Published in final edited form as: Eur J Nutr. 2016 Mar 1;56(4):1477–1484. doi: 10.1007/s00394-016-1193-1

Meta-analysis of genome-wide association studies identifies three novel loci for saturated fatty acids in East Asians

Jingwen Zhu 1, Ani Manichaikul 2,3, Yao Hu 1, Yii-Der I Chen 4, Shuang Liang 5, Lyn M Steffen 6, Stephen S Rich 2, Michael Tsai 5, David S Siscovick 7,8, Rozenn N Lemaitre 7, Huaixing Li 1, Xu Lin 1
PMCID: PMC5374030  NIHMSID: NIHMS846187  PMID: 26932504

Abstract

Purpose

We aimed to characterize common genetic variants that influence saturated fatty acid concentrations in East Asians.

Methods

Meta-analysis of genome-wide association studies for circulating SFAs was conducted in two population-based cohorts comprising 3,521 participants of Chinese ancestry.

Results

We identified two novel 14:0-associated loci at LMX1A (LIM homeobox transcription factor 1) and AMPD3 (AMP deaminase 3) (P=5.08×10−9 and P=4.33×10−8, respectively), and a novel 20:0-associated locus at CERS4(ceramide synthase 4) (P=1.73×10−10). We also confirmed the previously reported association of FADS1/2-rs102275 with 18:0 (P=1.115×10−5). In addition, the A alleles of rs11042834 in AMPD3 and rs17159388 in CERS4 also exhibited evidence of associations with high density lipoprotein cholesterol (P=0.0162 and P=0.0161, respectively).

Conclusions

To our knowledge, this is the first GWAS analysis to examine SFA concentrations in East Asian populations. Our findings provide novel evidence that genetic variations of several genes from multiple pathways are associated with SFA concentrations in human body.

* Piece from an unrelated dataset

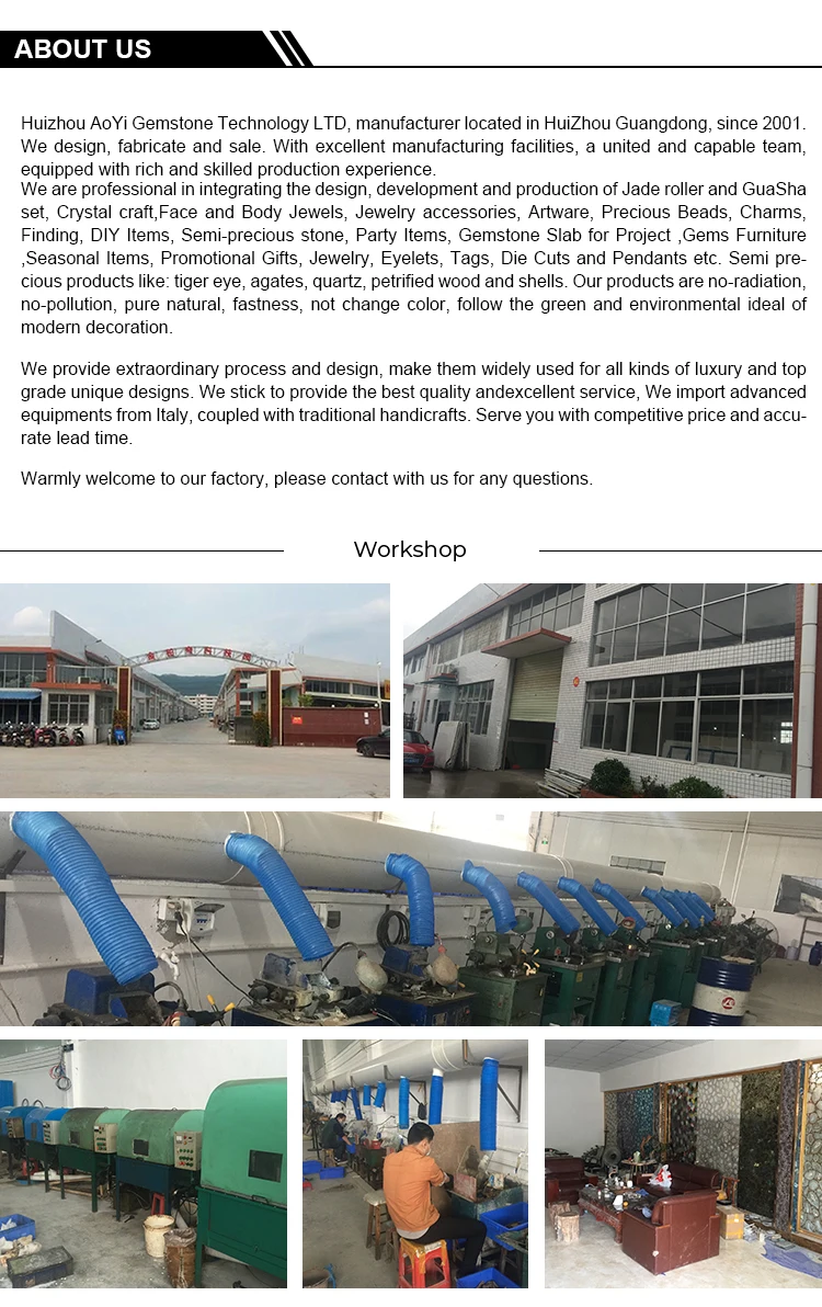 We are professional in integrating the design, development and production of Jade roller and GuaSha set, Crystal craft,Face and Body Jewels, Jewelry accessories, Artware, Precious Beads, Charms, Finding, DIY Items, Semi-precious stone, Party Items, Gemstone Slab for Project ,Gems Furniture ,Seasonal Items, Promotional Gifts, Jewelry, Eyelets, Tags, Die Cuts and Pendants etc. Semi precious products like: tiger eye, agates, quartz, petrified wood and shells. Our products are no-radiation, no-pollution, pure natural, fastness, not change color, follow the green and environmental ideal of modern decoration.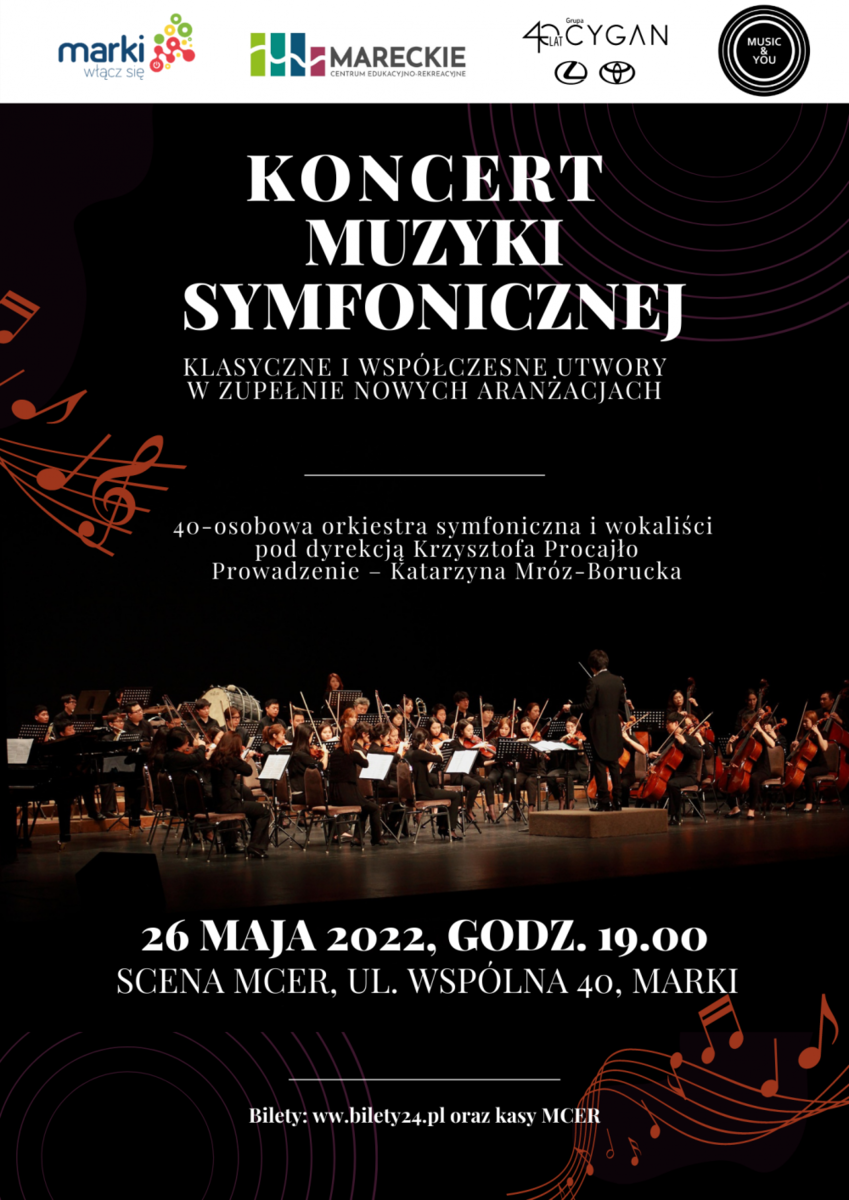 Już 26 maja 2022 r. o godz. 19.00 w Mareckim Centrum Edukacyjno-Rekreacyjnym odbędzie się wyjątkowy koncert muzyki symfonicznej. Aż 40 muzyków wykona klasyczne i współczesne utwory w zupełnie nowych aranżacjach. Wykonawcy: Orkiestra symfoniczna – 36-osobowa pod dyrekcją Krzysztofa Procajło Oraz wokaliści: Patrycja Ciborowska, Emilia Cyran, Dawid Pelowski, Zuzanna Lenkiewicz Prowadzenie – Katarzyna Mróz-Borucka Podczas koncertu będzie można usłyszeć m.in.: Polonez (W.Kilar) Cztery pory roku - Wiosna (1st mov.) A.Vivaldi Libertango A.Piazzolla River Flows in You Yiruma Con te partiro (Time to say goodbye) Andrea Bocelli Jezioro łabędzie (temat - Scene, Act.2) P. I. Tchaikovsky Rondo alla Turca (K.331 - Mozart), W. A. Mozart Heal the world,...

Keywords: myristic acid, arachidic acid, genome-wide association study, Chinese, lipids

Introduction

Dietary saturated fatty acids (SFAs) have long been considered independently as major risk factors for coronary heart disease (CHD) [1]. Moreover, plasma or erythrocyte SFAs, as surrogates of their intakes, have also been shown to be associated with risks of CHD [2, 3], type 2 diabetes [4], heart failure [5], ischemic stroke [6]and Alzheimer’s disease [7]. However, individual SFAs seem to have distinctive pathophysiological effects. For example, plasma phospholipid fatty acids 16:0 and 18:0 are associated with increased risk of CHD [3], but no association between 14:0 and cardiovascular diseases is observed [3, 8], and effects of long-chain SFAs, 20:0, 22:0, and 24:0, on type 2 diabetes and CHD remain to be known.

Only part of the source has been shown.